Повторим, В.Правдухину, как и большинству интеллигентов из народа, шагнувших в большую литературу с огромным запасом энтузиазма и творческой свободы, было свойственно острое чувство времени. Не вчерашних Епиходовых и Мефистофелей он хотел видеть в новой литературе, а героев-самородков, умеющих переплавлять жизнь в искусство без отходов и шлаков, без насилия над собой и своим горлом.

Отступление
второе. Маяковские дней сегодняшних окончательно воплотились в Епиходовых. Как герой Чехова, который, начитавшись Ницше, не знал, «жить мне или застрелиться», так и поэты вроде Т.Кибирова с Д. Приговым или Л.Рубинштейна с Л.Лосевым, вкусив Запада, уже не знают, как им писать — реально или виртуально, да и писать ли вообще.

Вс.Иванов — автор повестей о сибирских партизанах, еще один талант, нуждающийся в очистительной критике со словесной картечью пополам. Восхищаясь «Партизанами», их «художественной простотой и внутренней силой» («здоровое, нужное нам произведение»), В.Правдухин сожалеет о нарочитости и искусственности «Цветных ветров» («много изломов, нехудожественных насилий над читателем») и негодует по поводу свежеиспеченных «Голубых песков» («полны искусственных символов»). Вполне возможно, что испортило сибирского самородка увлечение «внешним мастерством… без устремления в глубь жизни», ядовитым цветом расцветшее в столицах.

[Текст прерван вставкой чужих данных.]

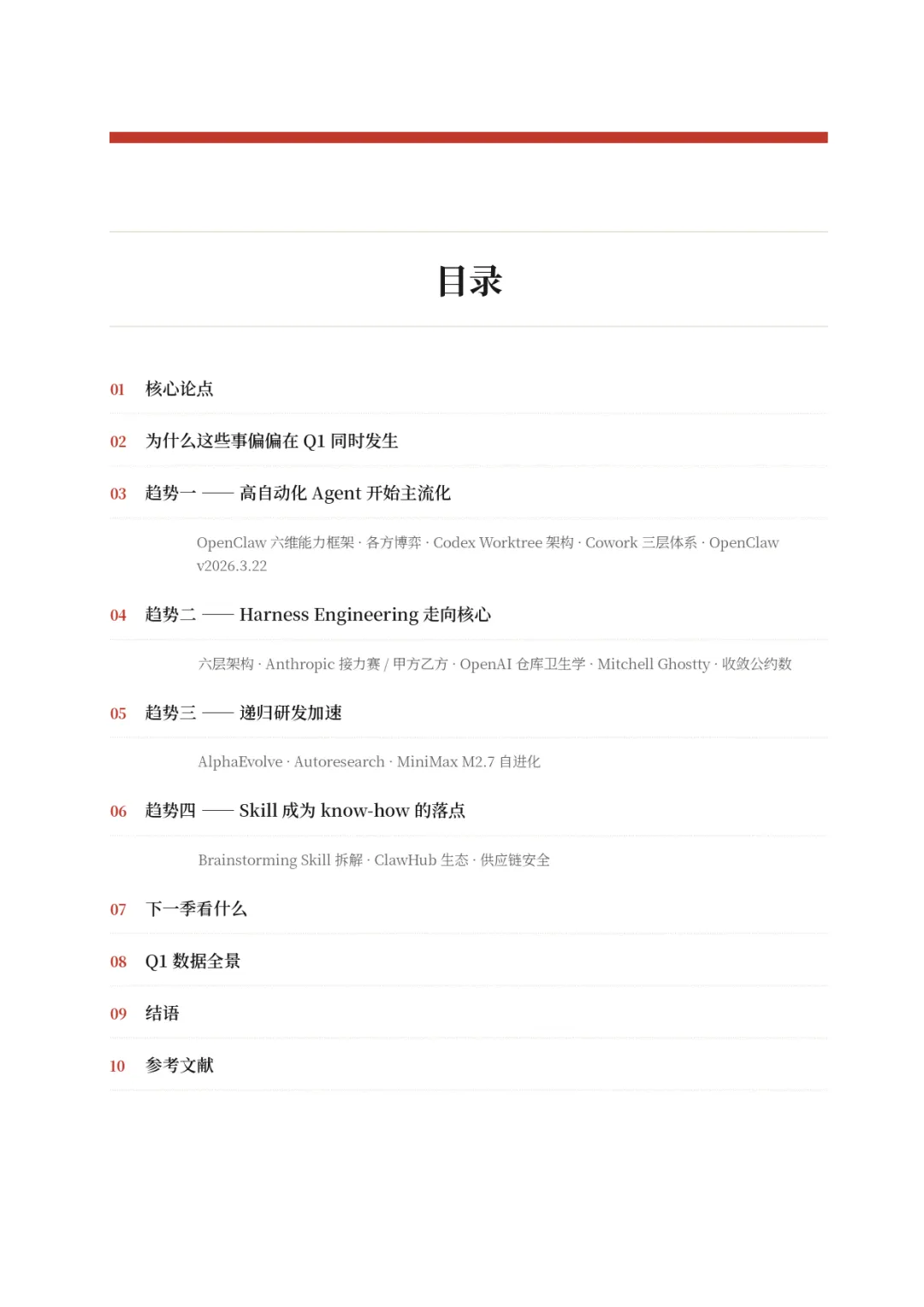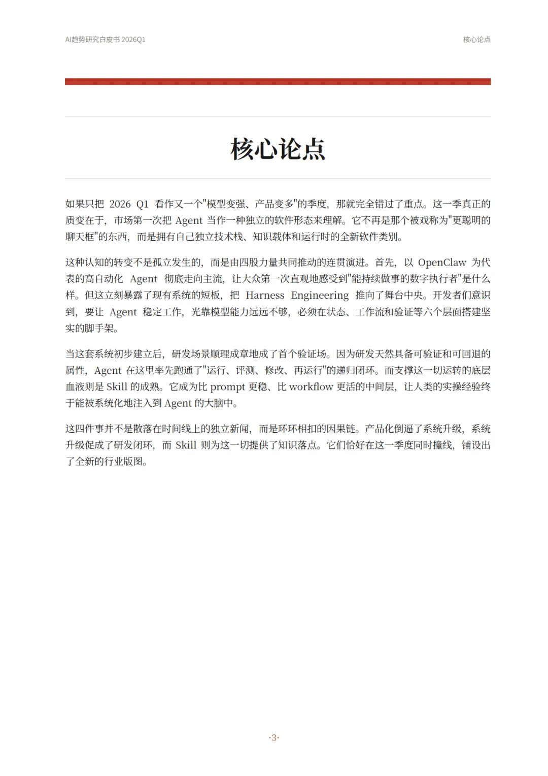 ,行业竞争焦点从 “模型能力比拼” 转向 “系统稳定性与工程化落地”。这一转变由四大趋势环环相扣推动,成为本季度最核心的行业主线。

Мягче, чем «литературные евнухи» писателей, вроде Шершеневича и Мариенгофа, «футуристов и т.п.» В.Правдухин назвать не может. Ибо нет в них главного «социальности искусства, его стихийно-оргийной насыщенности» (с.72). Иначе говоря, нет в них страсти — «жадности в усвоении жизни, органичного претворения и воссоздания в присущих ей формах».

Отступление третье. Евнухи сегодняшней литературы освободили себя настолько, что не стесняются своего изъяна — хронического бесплодия — но напротив, выставляют его напоказ, как древние киники. Ибо главное в творчестве, как говорит герой одного современного романа, «не то, что вы создали, а как вы это назвали»; главное не «искусство, а его понимание», талант же вещь не модная, а презираемая. В этом «низведении света на землю» и его последующем затаптывании в грязь больше, чем просто шалости или эпатажа, это новая реальность новых варваров, от которой стынет кровь, холодеет внутри.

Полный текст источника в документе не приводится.